[The task]
Output must consist only of the lines of the material below from the one with "Style that resonates" through the one with "13]. The pressure", each reproduced exactly; no pictures belong in it.

[Records provided]

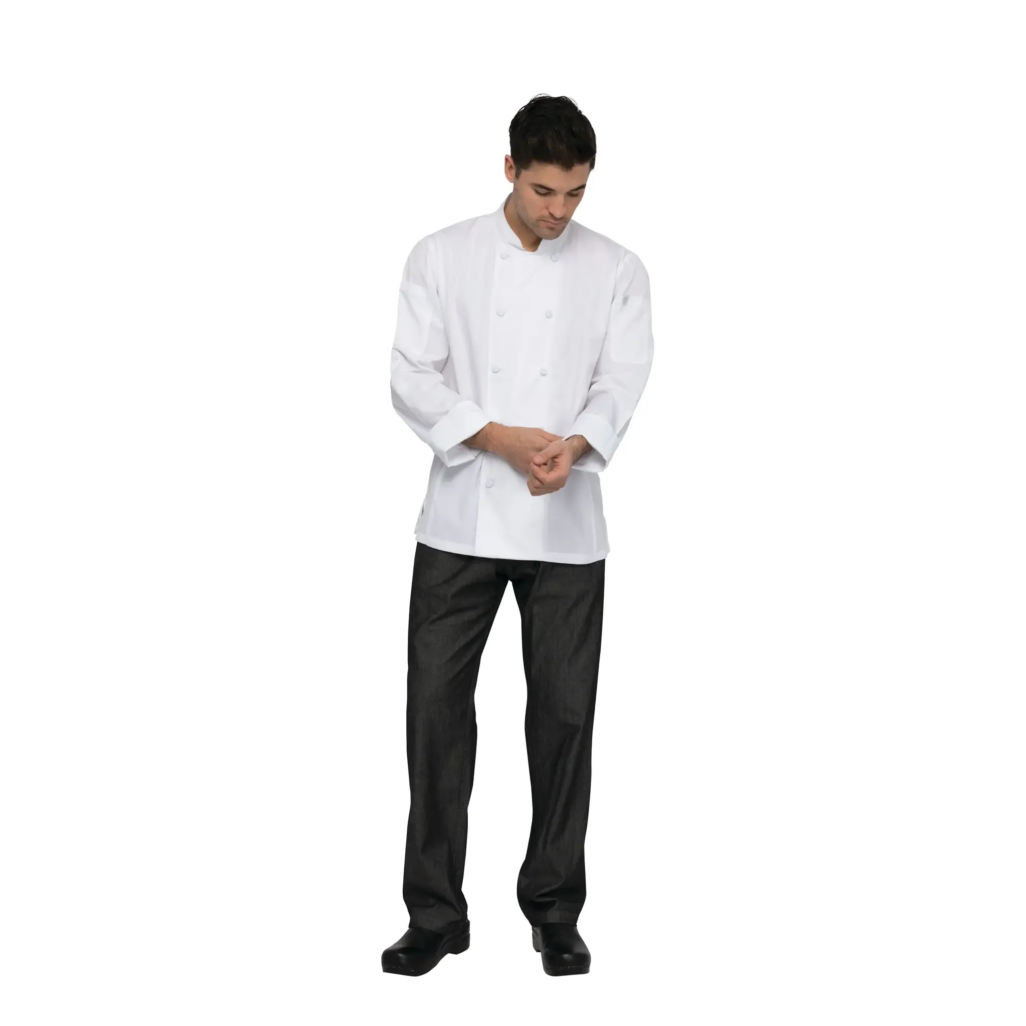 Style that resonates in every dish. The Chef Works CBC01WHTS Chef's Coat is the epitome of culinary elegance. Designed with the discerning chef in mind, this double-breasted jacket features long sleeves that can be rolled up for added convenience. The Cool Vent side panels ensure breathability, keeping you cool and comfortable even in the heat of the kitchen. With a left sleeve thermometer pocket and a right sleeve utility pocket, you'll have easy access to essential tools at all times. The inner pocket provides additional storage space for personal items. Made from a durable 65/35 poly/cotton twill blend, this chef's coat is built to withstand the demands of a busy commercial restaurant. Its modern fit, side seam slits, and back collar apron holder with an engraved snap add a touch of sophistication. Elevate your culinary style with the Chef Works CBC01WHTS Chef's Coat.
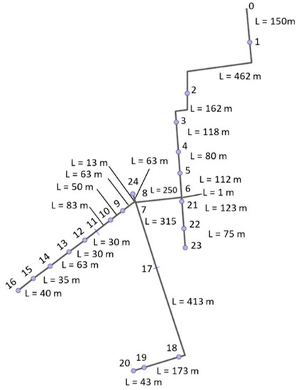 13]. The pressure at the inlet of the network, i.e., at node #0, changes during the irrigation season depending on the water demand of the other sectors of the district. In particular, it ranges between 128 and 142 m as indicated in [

==

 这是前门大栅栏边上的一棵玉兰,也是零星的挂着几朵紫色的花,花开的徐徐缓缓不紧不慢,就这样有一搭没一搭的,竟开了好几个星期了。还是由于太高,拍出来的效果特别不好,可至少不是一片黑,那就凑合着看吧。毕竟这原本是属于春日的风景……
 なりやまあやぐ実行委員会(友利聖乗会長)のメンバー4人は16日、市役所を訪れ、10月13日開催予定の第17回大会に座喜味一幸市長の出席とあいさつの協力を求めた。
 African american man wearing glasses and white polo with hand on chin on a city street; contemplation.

[Answer section]
 Style that resonates in every dish. The Chef Works CBC01WHTS Chef's Coat is the epitome of culinary elegance. Designed with the discerning chef in mind, this double-breasted jacket features long sleeves that can be rolled up for added convenience. The Cool Vent side panels ensure breathability, keeping you cool and comfortable even in the heat of the kitchen. With a left sleeve thermometer pocket and a right sleeve utility pocket, you'll have easy access to essential tools at all times. The inner pocket provides additional storage space for personal items. Made from a durable 65/35 poly/cotton twill blend, this chef's coat is built to withstand the demands of a busy commercial restaurant. Its modern fit, side seam slits, and back collar apron holder with an engraved snap add a touch of sophistication. Elevate your culinary style with the Chef Works CBC01WHTS Chef's Coat.
 13]. The pressure at the inlet of the network, i.e., at node #0, changes during the irrigation season depending on the water demand of the other sectors of the district. In particular, it ranges between 128 and 142 m as indicated in [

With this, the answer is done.